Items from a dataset
= Beginning of Section =

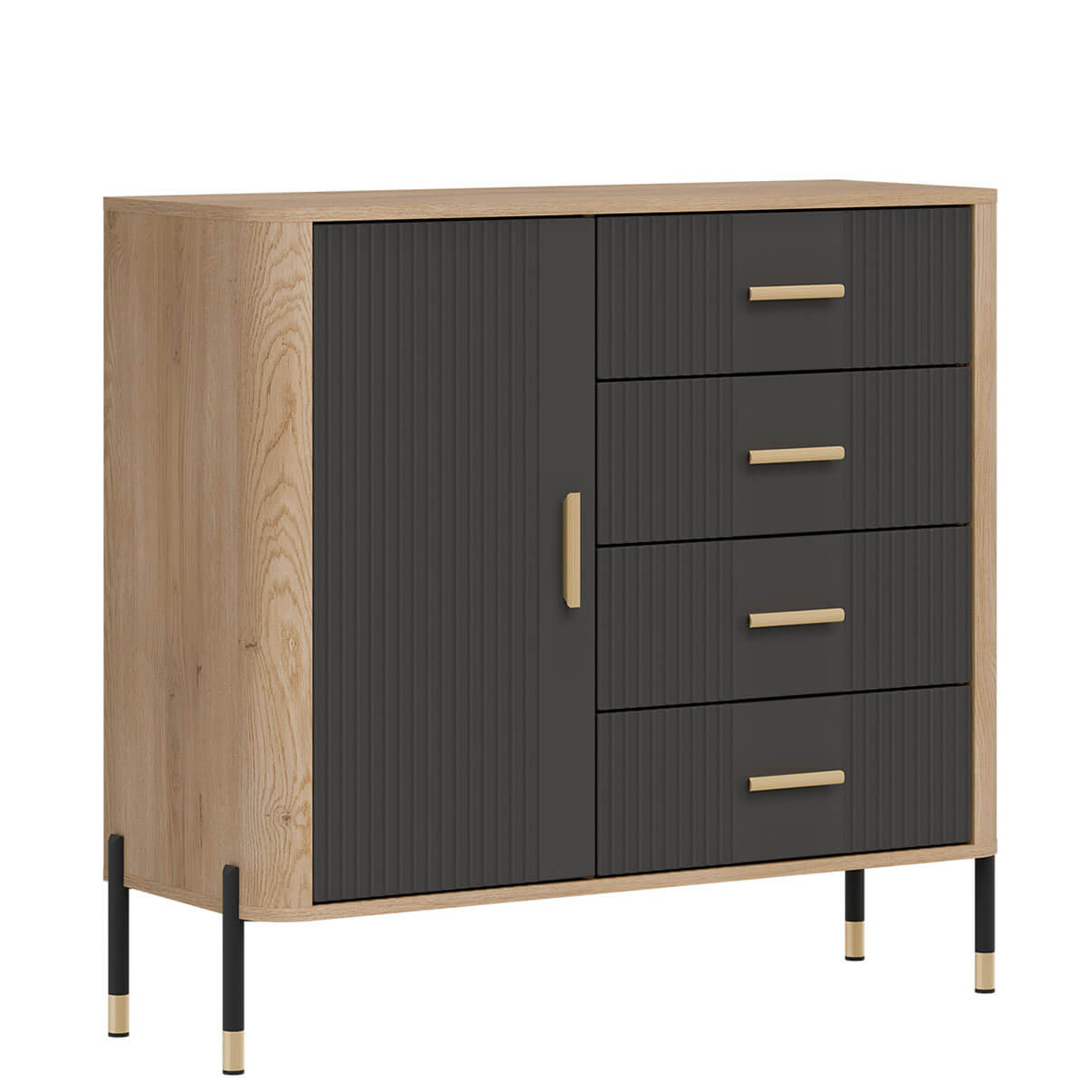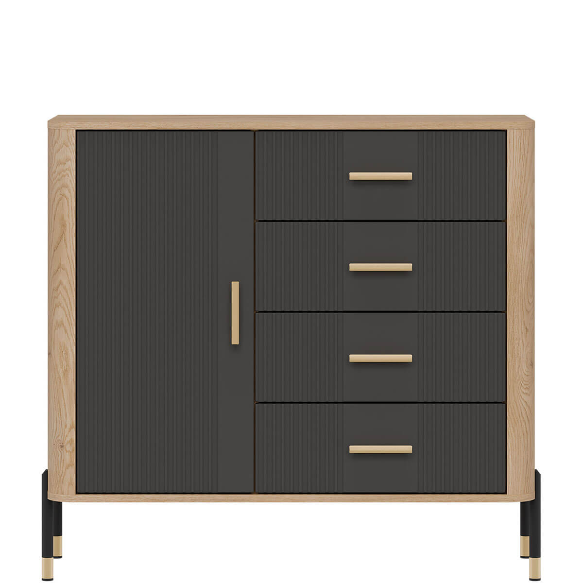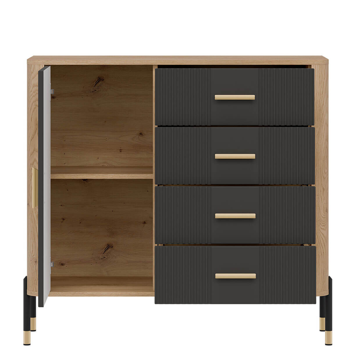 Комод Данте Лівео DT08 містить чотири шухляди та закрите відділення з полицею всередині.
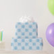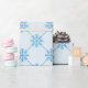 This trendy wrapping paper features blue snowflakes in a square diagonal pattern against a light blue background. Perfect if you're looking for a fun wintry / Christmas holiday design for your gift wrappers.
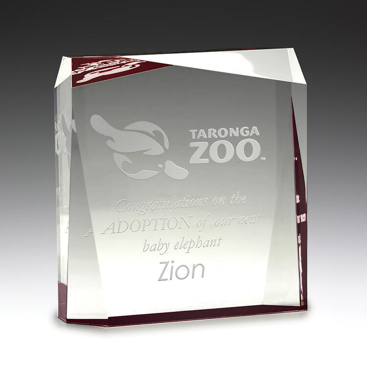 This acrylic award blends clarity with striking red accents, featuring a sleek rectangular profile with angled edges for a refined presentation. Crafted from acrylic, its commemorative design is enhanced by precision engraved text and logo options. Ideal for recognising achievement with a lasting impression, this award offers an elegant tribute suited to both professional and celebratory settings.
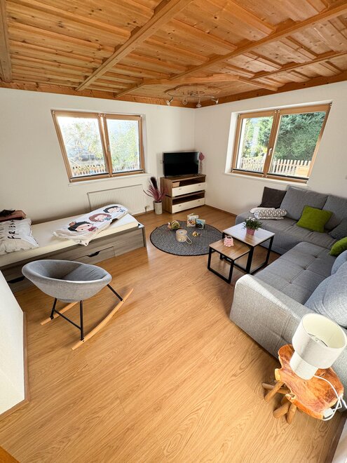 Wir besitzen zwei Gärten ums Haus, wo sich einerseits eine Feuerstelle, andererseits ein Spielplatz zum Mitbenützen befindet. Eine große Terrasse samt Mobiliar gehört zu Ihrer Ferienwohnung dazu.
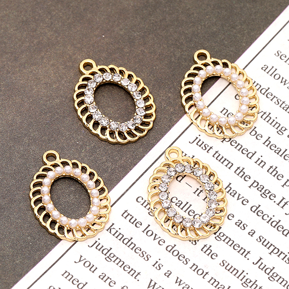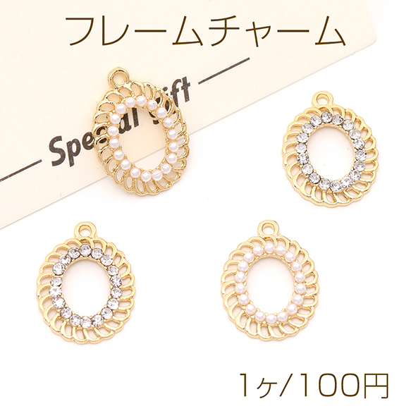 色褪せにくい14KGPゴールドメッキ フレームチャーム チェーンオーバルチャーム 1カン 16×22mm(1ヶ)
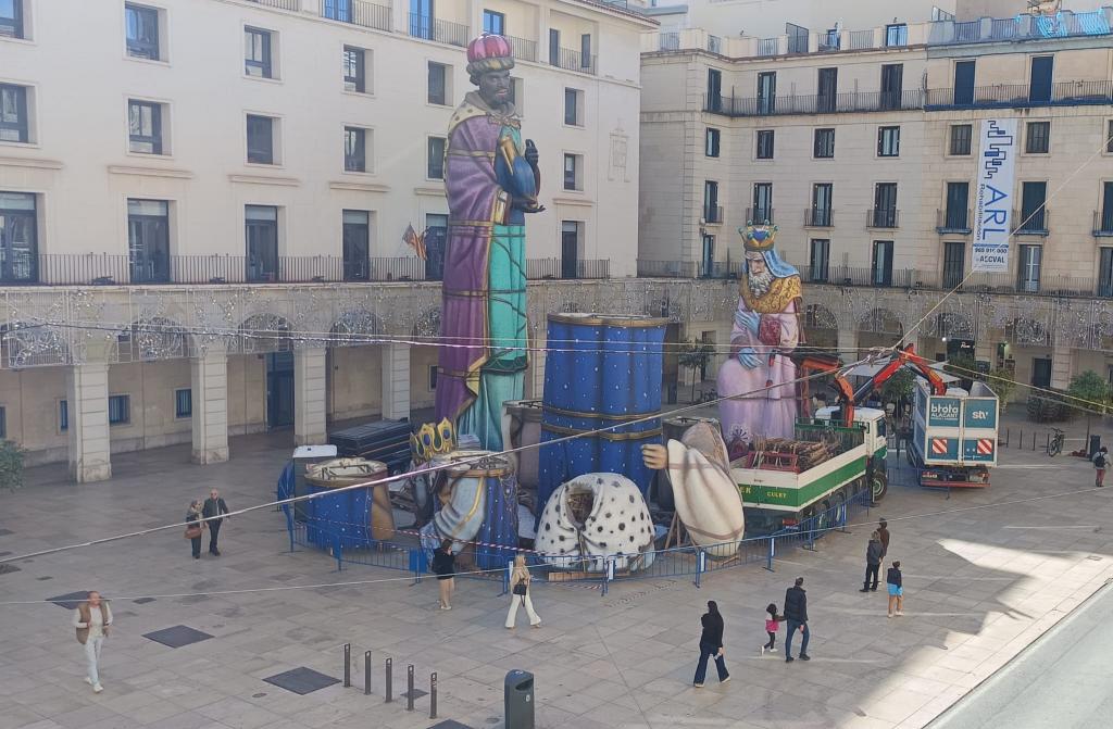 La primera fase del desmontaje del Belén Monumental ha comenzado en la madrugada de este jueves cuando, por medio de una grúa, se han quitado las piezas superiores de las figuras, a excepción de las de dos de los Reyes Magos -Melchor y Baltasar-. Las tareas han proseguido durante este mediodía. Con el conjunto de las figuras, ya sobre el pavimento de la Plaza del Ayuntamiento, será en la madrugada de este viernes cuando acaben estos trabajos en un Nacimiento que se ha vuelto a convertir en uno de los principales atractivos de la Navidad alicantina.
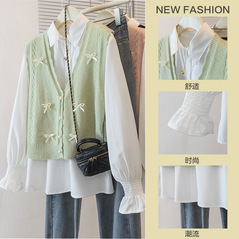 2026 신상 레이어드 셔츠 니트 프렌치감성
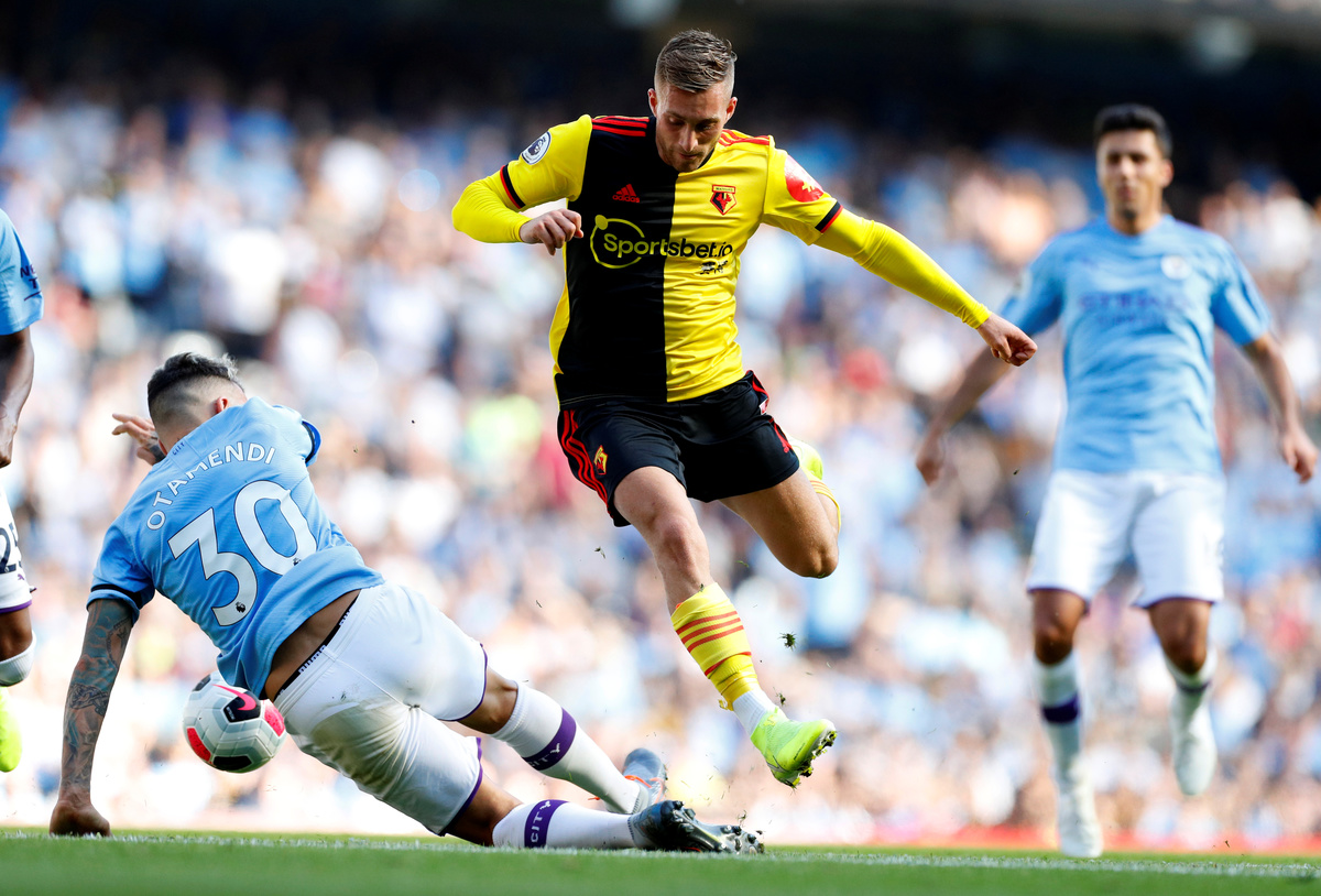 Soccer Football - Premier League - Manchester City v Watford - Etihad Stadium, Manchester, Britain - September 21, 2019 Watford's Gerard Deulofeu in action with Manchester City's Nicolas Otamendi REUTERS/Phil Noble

= End of Section =

Start at the line containing "This trendy wrapping" above and stop at the line containing "This acrylic award". Output those lines exactly, both included, but none of the pictures.

 This trendy wrapping paper features blue snowflakes in a square diagonal pattern against a light blue background. Perfect if you're looking for a fun wintry / Christmas holiday design for your gift wrappers.
 This acrylic award blends clarity with striking red accents, featuring a sleek rectangular profile with angled edges for a refined presentation. Crafted from acrylic, its commemorative design is enhanced by precision engraved text and logo options. Ideal for recognising achievement with a lasting impression, this award offers an elegant tribute suited to both professional and celebratory settings.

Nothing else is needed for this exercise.